_Stored data_.
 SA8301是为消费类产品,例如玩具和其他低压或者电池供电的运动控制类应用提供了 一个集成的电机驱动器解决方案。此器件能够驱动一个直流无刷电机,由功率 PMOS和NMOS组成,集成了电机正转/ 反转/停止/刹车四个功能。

...

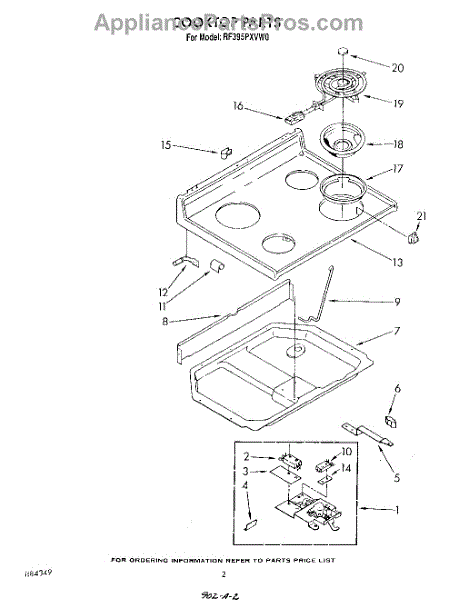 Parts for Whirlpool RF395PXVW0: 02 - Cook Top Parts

--

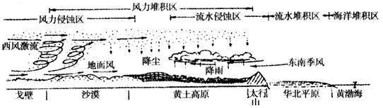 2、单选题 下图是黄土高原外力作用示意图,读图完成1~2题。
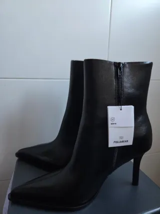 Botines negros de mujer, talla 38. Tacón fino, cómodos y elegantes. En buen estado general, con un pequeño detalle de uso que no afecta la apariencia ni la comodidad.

_Work instructions_.
Looking at the listing above, which lines run from the one containing "2、单选题 下图是黄土高原外力作用示意图,读图完成1~2题。" through the one containing "Botines negros de"? Print exactly those, ends included, pictures excluded.

_Solved exercise_.
 2、单选题 下图是黄土高原外力作用示意图,读图完成1~2题。
 Botines negros de mujer, talla 38. Tacón fino, cómodos y elegantes. En buen estado general, con un pequeño detalle de uso que no afecta la apariencia ni la comodidad.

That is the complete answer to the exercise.